Warner’s presence certainly felt like the cherry on the Festival’s cake, and having a writer of this stature on board this time around was certainly apt, given that this year also marks its tenth anniversary.
But Warner would have been a good fit for the festival either way. Though ostensibly British, the former academic, fiction writer and myth-and-fairy tale authority boasts Italian family connections, and a childhood spent in Cairo. Her recent book Stranger Magic is a study of The Thousand and One Nights, and the author doesn’t shy away from addressing the cosmopolitan sweep of the snowballing, multifaceted and latterly controversial collection of folktales of the ‘Orient’.
And in her conversation with Deputy Dean of the Faculty of Arts, University of Malta Prof. Gloria Lauri Lucente – which capped off this year’s edition of the Festival – Warner’s sensitivity to the various cultural networks found within the Mediterranean was fully borne out. But more than anything else, it was a pleasure to witness these two great women discuss both the universal and the personal as it pertains to Warner’s work – from the enduring global appeal of fairy tales, to Warner’s upcoming short story collection Fly Away Home, which taps into her experience of growing up in Cairo.

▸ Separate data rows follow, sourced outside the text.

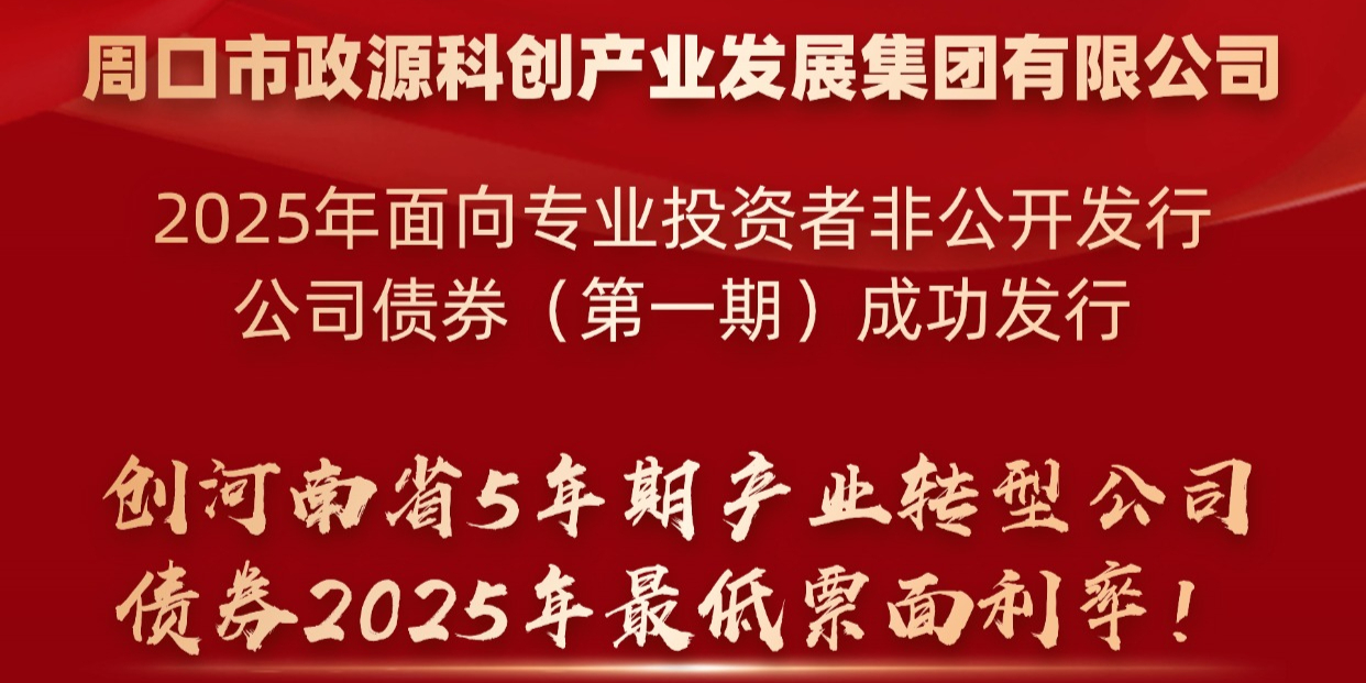 2月14日,民生证券助力周口市政源科创产业发展集团有限公司2025年面向专业投资者非公开发行公司债券(第一期)成功发行,债券简称“25政源01”。本产品采取簿记发行,发行总规模5亿元,发行期限为5年期,票面利率2.94%,创河南省5年期产业转型公司债券2025年最低票面利率!全场认购倍数达到4.42倍。
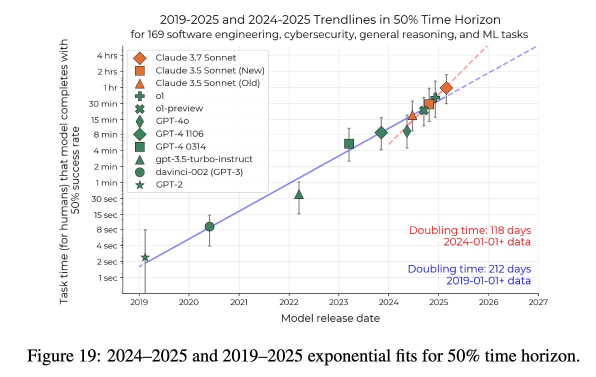 Most notably, p37 of the “Long Tasks” paper shows that if you look at the trend solely over 2024-2025 (GPT4o launch to Claude 3.7 Sonnet launch), then the doubling time is about twice as fast (118 days instead of 212)! This could get to one-month tasks by September 2027!
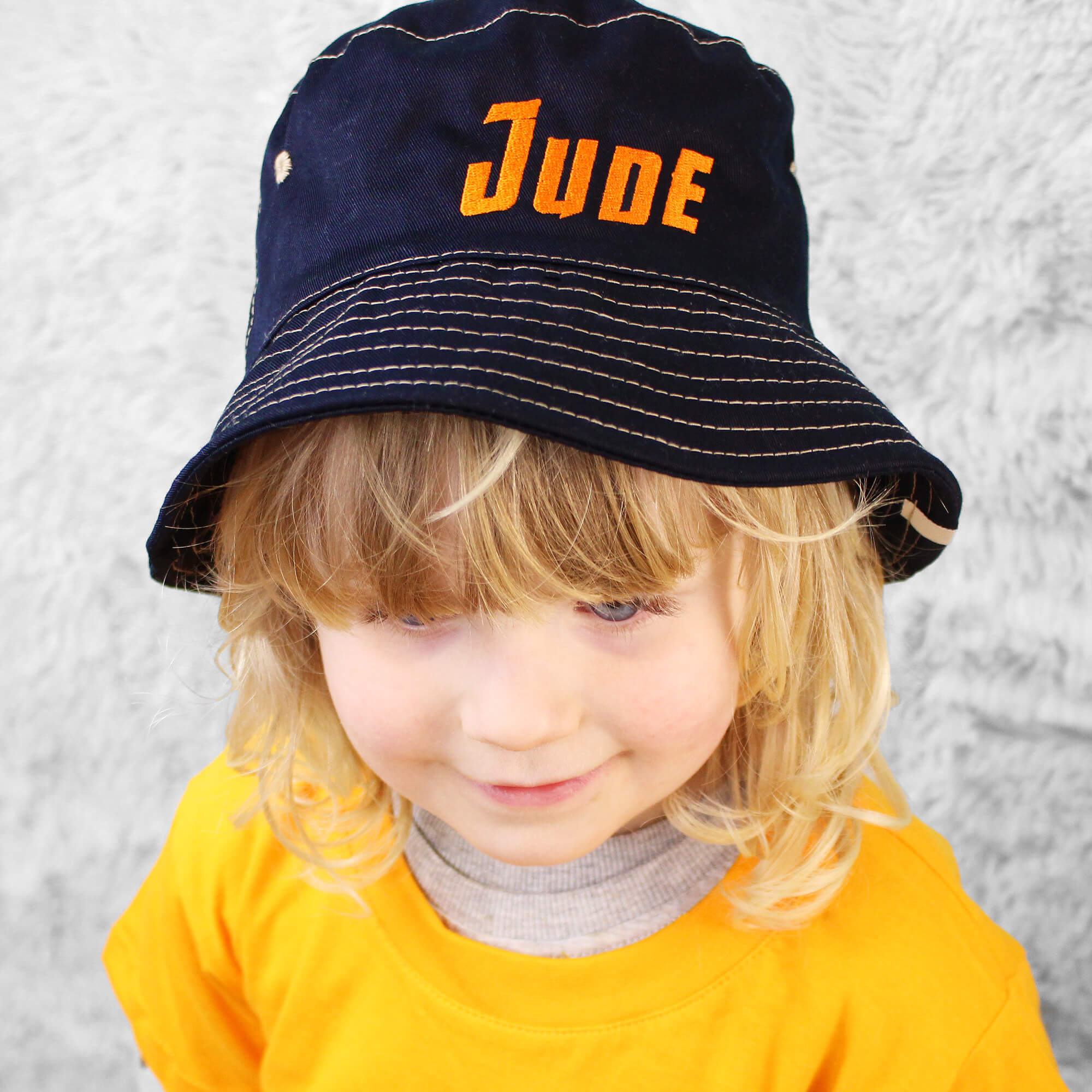 Get prepared for those sunny days with our navy 100% cotton bucket hat personalised in orange superhero font!

Once again showcasing her organic, interdisciplinary grasp on cultural studies, when asked why fairy tales continue to fascinate us, Warner went for a musical metaphor.
“I like to think of fairy tales as a tune,” she told Lucente. “You know the tune, I know the tune – we remember it, we can play it – it isn’t confined.” Fairy tales, Warner went on to say, suggest a kind of “lingua franca” for yearning and inquiry. “And stories are vessels for very difficult inquiries.”

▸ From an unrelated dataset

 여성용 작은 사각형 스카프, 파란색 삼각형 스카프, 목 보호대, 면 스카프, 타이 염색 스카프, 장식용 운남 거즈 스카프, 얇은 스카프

Just as Stranger Magic was a sensible and considered riposte to Edward Said’s monumental critical characterization of ‘Orientalism’ – an articulation of how exoticised Western projections of the ‘East’ and the ‘Orient’ serve to facilitate cultural dominance – so Warner encourages us to not dismiss the significance of fairy tales simply because the bulk of them offer seemingly pat endings whose function is to ‘console’.
For in offering alternatives and pathways for the imagination, fairy tales can be emancipatory. In terms of their phenomenological dimension – and while stressing that she doesn’t encourage total escapism and delusion and that she remains an adherent of the Enlightenment project – Warner reminds us that, “the mind’s eye that imagines a mermaid on the shore, and that simply witnesses, and then remembers, a fisherman catching dolphin fish, is the same place.”
(It’s not a dissimilar position to the one expressed by Ursula K. Le Guin in her National Book Awards address).
 
Marina Warner reads from ‘Fly Away Home’. Valletta, 29 August 2015. Photo by Virginia Monteforte
A discussion on the rift between fiction and non-fiction was another topic – also poignantly tackled by Barghouti on the first night of the festival – which allowed Warner to point out how, far from serving as a distraction from social and political strife, fiction can provide an additional leeway for discourse, especially in countries where those freedoms are otherwise suppressed.
“People are now using novels to do all sorts of things. There is censorship in so many places in the world, that fiction offers some sort of shelter.” But fiction has yet another, more subtle advantage.
“With fiction, unlike in essays, you don’t have to ‘make up your own mind’. And I do find it much more satisfying.”
But as if to illustrate Hisham Matar’s point on the previous night – that while our freedom to reinvent our cultural, social and professional identities in the modern world is a great thing, we shouldn’t forget that we remain privy to historical currents beyond our control – Warner was candid about a key motivation for her wide-ranging work.
Unlike, say, Hisham Matar himself – whose father was abducted by the Libyan regime and whose ultimate fate remains a mystery to the author and his family – Warner’s upbringing remained relatively comfortable.
“I came from a background of petite bourgeois colonialists,” she told Lucente to disarming laughter. “So I always felt like I had to make some kind of reckoning. And this has been my spur.”
 
  
  August 29, 2015
Popol Vuh and Malta
‘Krautrock’ band and frequent suppliers of soundscapes for Werner Herzog movies Popol Vuh are gradually becoming my ‘return to Malta’ soundtrack.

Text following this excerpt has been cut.